Nov 05, 2014 at 7:42 AM ET

Knowing that 1 in 3 women will have an abortion in their lifetime, it’s very likely that the average person can attest to knowing at least one woman who has undergone the procedure, whether she’s a family member, partner or friend. But according to a new study by New York University’s Department of Sociology, that likelihood depends greatly on your personal views.

After surveying 1,600 adults about their knowledge of other people’s abortion and miscarriage experiences, researchers found that people who identify as pro-life were less likely to hear about friends or family members who have undergone the procedure than those who see themselves as pro-choice.

Specifically, people who believe that abortion should be illegal under any circumstance were 21 percent less likely to hear about another’s abortion, while those who believe that abortion should be legal only in cases of rape and incest were 12 percent less likely to be confided with that information.

In other words, pro-life Americans are more likely to have an inaccurate perception of their social circles when it comes to the issue of abortion. They’re not in on the secret.

“Americans who are opposed to abortion are less likely to hear that their sister, mother or friend had an abortion than their pro-choice peers,” says Sarah K. Cowan, an assistant professor in NYU’s Department of Sociology and the study’s author. “Abortions are often kept secret both by women who have had them and by their confidants. Moreover, abortions are especially likely to be kept secret from those who are pro-life. These disclosure differences affect who hears about others’ abortions and may help explain the relative stability of Americans’ opinions on abortion.”

Regardless of policy changes over the years, views on abortion have remained relatively stagnant and sharply divided since the 1980s, with 47 percent of Americans currently describing themselves as pro-choice and 46 percent as pro-life. Cowan’s explantation makes sense in that pro-lifers’ opinions would be expected to shift if they were exposed to the personal abortion stories of friends and loved ones.

Even after controlling for factors such as race, age, religion, political party affiliation and religious service attendance, pro-life people were still substantially less likely to hear about others’ abortions.

“American women of all backgrounds have abortions, but pro-choice Americans are more likely to hear of them than their peers who are opposed to legalized abortion,” Cowan says.

Conversely, Cowan found that women were more likely to tell someone about their miscarriage than they were their abortion, despite the fact that abortions are actually slightly more common.

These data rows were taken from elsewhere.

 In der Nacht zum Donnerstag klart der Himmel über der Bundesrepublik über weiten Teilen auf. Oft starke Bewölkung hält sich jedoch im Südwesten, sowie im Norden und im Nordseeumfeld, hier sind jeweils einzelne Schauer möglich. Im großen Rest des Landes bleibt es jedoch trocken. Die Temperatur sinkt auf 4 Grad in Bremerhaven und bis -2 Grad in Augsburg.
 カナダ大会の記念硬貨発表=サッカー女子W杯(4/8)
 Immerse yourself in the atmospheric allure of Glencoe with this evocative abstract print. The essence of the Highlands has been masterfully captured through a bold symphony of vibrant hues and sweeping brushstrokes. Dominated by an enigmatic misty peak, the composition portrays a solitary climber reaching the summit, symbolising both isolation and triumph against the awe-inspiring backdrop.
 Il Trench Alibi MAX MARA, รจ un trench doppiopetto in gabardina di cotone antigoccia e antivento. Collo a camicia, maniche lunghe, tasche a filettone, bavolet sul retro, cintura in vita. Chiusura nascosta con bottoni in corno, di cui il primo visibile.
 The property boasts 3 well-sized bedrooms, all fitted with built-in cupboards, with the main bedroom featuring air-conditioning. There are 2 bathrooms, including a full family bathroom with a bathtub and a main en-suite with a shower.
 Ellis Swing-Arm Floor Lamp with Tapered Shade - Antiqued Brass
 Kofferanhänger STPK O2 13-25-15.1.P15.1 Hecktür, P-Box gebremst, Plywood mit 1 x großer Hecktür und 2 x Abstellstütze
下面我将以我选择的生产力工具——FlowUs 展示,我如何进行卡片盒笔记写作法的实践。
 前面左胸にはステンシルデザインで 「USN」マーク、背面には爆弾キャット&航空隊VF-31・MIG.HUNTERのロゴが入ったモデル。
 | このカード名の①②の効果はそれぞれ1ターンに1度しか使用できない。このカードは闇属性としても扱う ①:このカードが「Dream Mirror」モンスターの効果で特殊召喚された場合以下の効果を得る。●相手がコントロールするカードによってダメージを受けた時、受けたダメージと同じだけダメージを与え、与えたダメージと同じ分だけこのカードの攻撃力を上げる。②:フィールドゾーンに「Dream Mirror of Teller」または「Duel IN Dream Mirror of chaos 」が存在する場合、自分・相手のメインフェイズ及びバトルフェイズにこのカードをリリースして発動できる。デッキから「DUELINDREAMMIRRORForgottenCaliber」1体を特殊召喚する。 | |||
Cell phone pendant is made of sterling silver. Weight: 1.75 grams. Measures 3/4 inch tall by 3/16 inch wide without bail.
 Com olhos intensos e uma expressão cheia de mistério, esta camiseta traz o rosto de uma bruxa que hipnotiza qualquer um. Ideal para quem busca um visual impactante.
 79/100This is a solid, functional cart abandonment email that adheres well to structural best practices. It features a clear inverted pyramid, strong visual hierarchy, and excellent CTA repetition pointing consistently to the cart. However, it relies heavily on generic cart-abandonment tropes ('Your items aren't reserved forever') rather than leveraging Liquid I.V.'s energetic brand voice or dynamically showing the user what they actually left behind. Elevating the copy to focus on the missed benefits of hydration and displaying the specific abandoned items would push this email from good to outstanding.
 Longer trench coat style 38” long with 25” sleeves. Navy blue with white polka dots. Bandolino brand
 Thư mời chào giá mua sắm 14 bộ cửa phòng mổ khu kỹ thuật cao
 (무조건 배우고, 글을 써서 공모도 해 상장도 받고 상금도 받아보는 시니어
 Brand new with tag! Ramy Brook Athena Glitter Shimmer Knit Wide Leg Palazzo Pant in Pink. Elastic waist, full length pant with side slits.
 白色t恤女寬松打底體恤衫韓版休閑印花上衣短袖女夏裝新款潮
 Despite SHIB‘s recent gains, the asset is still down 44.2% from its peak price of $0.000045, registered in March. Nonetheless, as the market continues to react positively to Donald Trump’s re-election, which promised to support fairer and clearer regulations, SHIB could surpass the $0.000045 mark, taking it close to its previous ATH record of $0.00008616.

According to the survey, 77 percent of women who had a miscarriage told someone else, while only 66 percent of women who had an abortion disclosed their secret. Additionally, 79 percent of those surveyed had heard of a friend’s miscarriage, while only 52 percent had heard of their abortion.

These numbers reinforce the fact that abortion, despite being common, is still highly stigmatized.

“A third of women who have had an abortion have kept it a secret from someone with whom they usually talk about personal matters,” said Cowan. “People keep abortions—their own and others’—a secret for reasons of privacy and to protect the woman who had the abortion from stigma.”